PROVIDED RECORDS
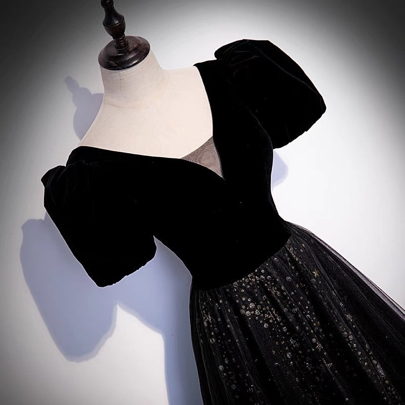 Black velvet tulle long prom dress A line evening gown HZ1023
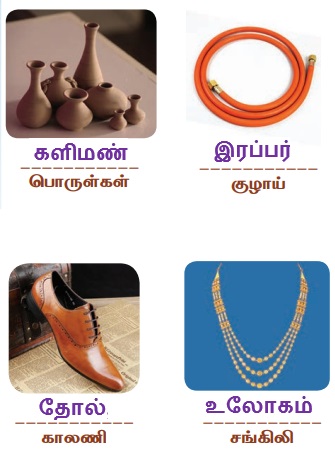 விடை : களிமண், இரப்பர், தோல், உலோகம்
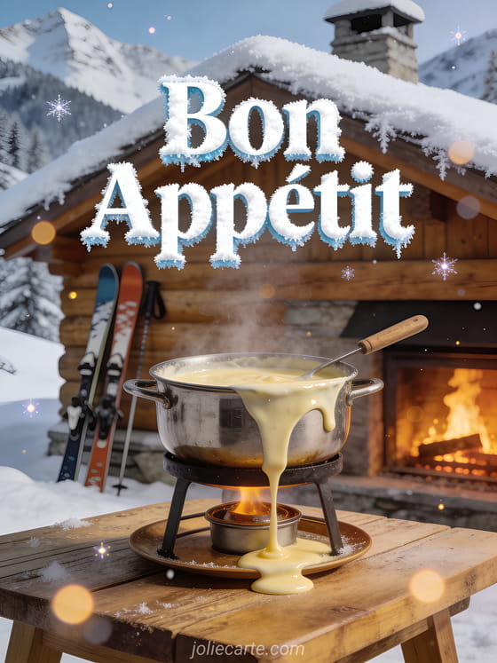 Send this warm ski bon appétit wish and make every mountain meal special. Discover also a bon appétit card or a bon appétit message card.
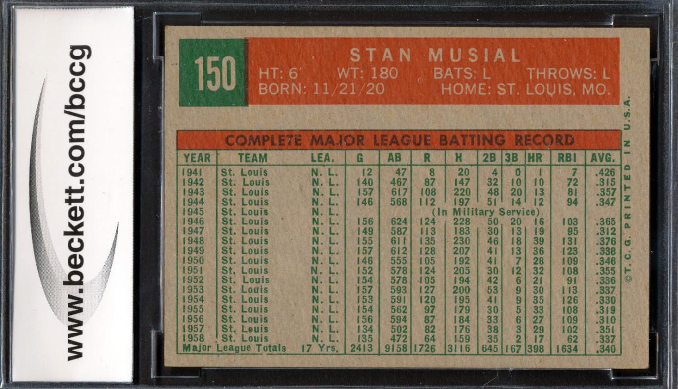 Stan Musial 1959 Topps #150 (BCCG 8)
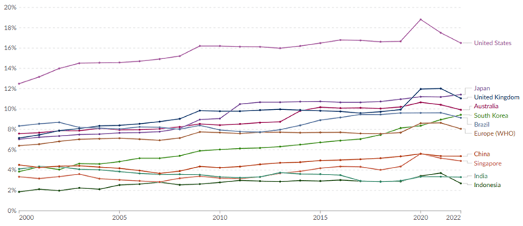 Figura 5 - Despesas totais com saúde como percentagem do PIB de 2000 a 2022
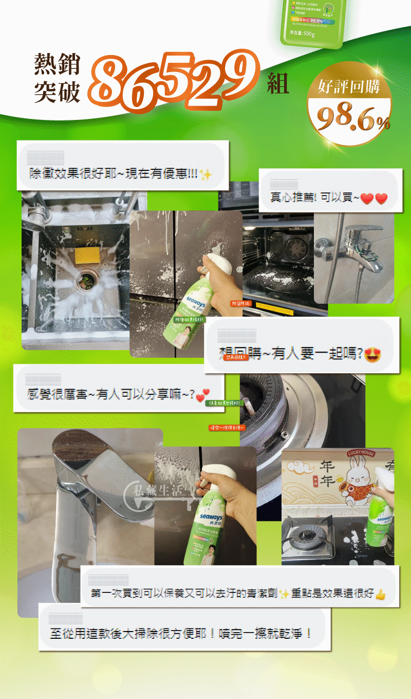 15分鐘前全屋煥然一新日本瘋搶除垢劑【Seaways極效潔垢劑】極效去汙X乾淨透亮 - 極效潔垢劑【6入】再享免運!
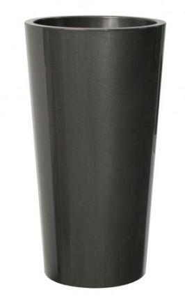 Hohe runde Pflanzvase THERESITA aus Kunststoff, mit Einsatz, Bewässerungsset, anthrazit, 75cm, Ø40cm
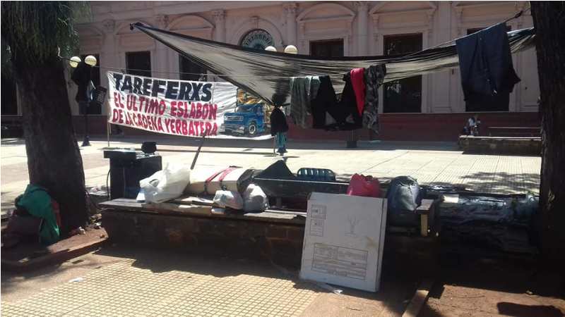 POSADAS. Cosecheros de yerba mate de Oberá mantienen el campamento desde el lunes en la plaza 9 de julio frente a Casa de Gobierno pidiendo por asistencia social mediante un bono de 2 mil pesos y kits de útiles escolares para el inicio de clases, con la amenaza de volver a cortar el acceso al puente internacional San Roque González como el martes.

---

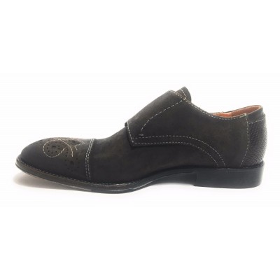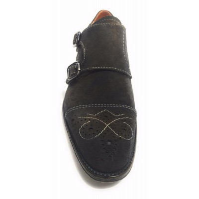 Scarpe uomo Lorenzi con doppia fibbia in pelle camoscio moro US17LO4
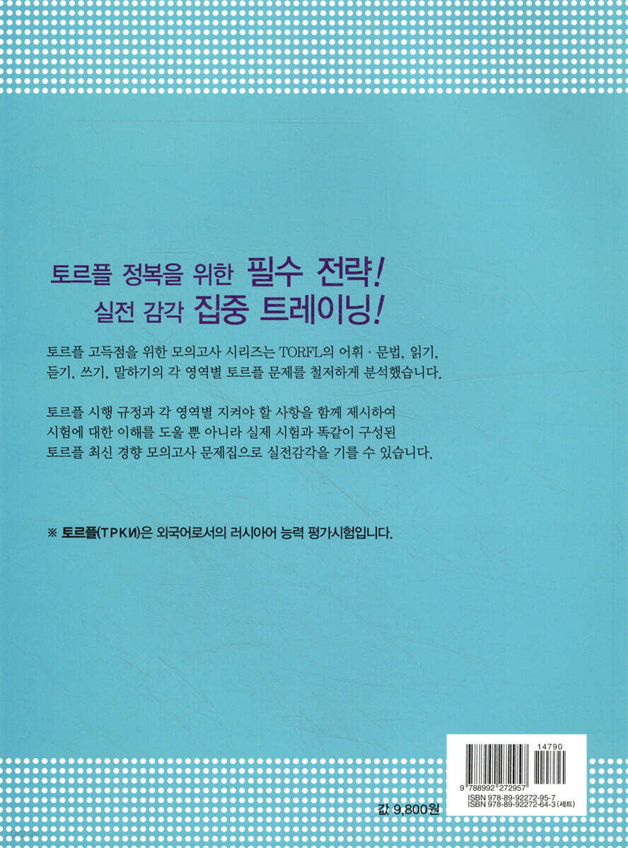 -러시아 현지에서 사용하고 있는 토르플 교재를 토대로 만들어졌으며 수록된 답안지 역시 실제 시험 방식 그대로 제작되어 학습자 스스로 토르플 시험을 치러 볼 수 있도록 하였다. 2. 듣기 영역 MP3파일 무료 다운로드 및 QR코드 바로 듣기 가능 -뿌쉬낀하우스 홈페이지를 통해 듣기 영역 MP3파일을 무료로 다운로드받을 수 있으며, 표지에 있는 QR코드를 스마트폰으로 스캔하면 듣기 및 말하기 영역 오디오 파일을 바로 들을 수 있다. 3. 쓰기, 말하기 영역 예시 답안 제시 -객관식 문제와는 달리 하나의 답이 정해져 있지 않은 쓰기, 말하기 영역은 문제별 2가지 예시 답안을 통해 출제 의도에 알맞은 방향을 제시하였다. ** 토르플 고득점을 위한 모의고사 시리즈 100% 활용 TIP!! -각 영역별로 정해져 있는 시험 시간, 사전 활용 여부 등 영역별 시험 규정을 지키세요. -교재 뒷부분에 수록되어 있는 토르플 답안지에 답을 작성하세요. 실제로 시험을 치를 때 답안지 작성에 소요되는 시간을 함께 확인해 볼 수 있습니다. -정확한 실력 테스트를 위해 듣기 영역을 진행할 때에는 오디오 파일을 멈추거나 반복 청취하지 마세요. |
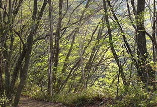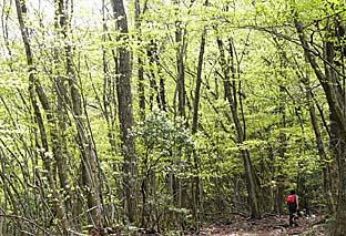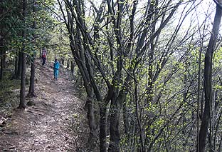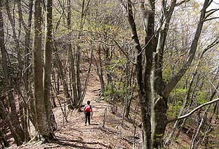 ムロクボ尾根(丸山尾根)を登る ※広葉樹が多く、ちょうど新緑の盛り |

* * *

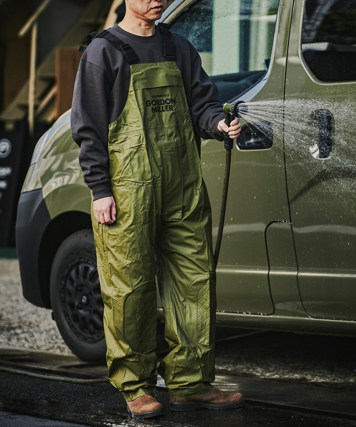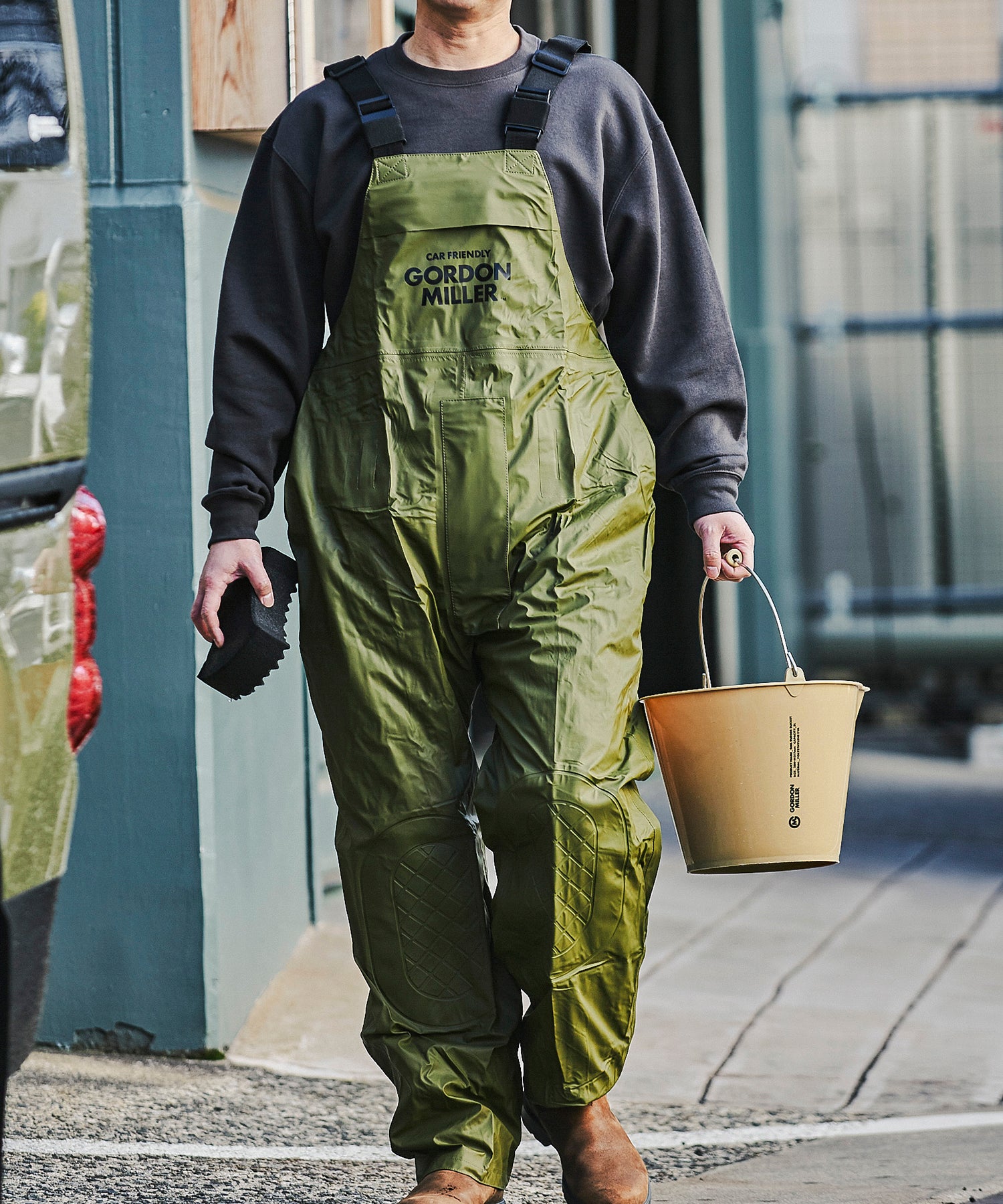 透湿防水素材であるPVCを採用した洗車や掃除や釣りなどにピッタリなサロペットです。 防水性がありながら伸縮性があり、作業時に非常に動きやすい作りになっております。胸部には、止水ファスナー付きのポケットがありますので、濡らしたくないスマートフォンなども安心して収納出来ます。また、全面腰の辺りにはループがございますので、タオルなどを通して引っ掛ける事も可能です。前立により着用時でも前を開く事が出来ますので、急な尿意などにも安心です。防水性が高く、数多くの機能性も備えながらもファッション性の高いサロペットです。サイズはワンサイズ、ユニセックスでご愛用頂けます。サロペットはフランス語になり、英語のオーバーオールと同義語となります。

PROMPT
Given the listing above, repeat exactly the lines starting at the one with "விடை : களிமண், இரப்பர், தோல், உலோகம்" and ending at the one with "POSADAS. Cosecheros de", inclusive, excluding pictures.

SOLUTION FOR THIS TASK
 விடை : களிமண், இரப்பர், தோல், உலோகம்
 Send this warm ski bon appétit wish and make every mountain meal special. Discover also a bon appétit card or a bon appétit message card.
 Stan Musial 1959 Topps #150 (BCCG 8)
 Figura 5 - Despesas totais com saúde como percentagem do PIB de 2000 a 2022
 15分鐘前全屋煥然一新日本瘋搶除垢劑【Seaways極效潔垢劑】極效去汙X乾淨透亮 - 極效潔垢劑【6入】再享免運!
 Hohe runde Pflanzvase THERESITA aus Kunststoff, mit Einsatz, Bewässerungsset, anthrazit, 75cm, Ø40cm
 POSADAS. Cosecheros de yerba mate de Oberá mantienen el campamento desde el lunes en la plaza 9 de julio frente a Casa de Gobierno pidiendo por asistencia social mediante un bono de 2 mil pesos y kits de útiles escolares para el inicio de clases, con la amenaza de volver a cortar el acceso al puente internacional San Roque González como el martes.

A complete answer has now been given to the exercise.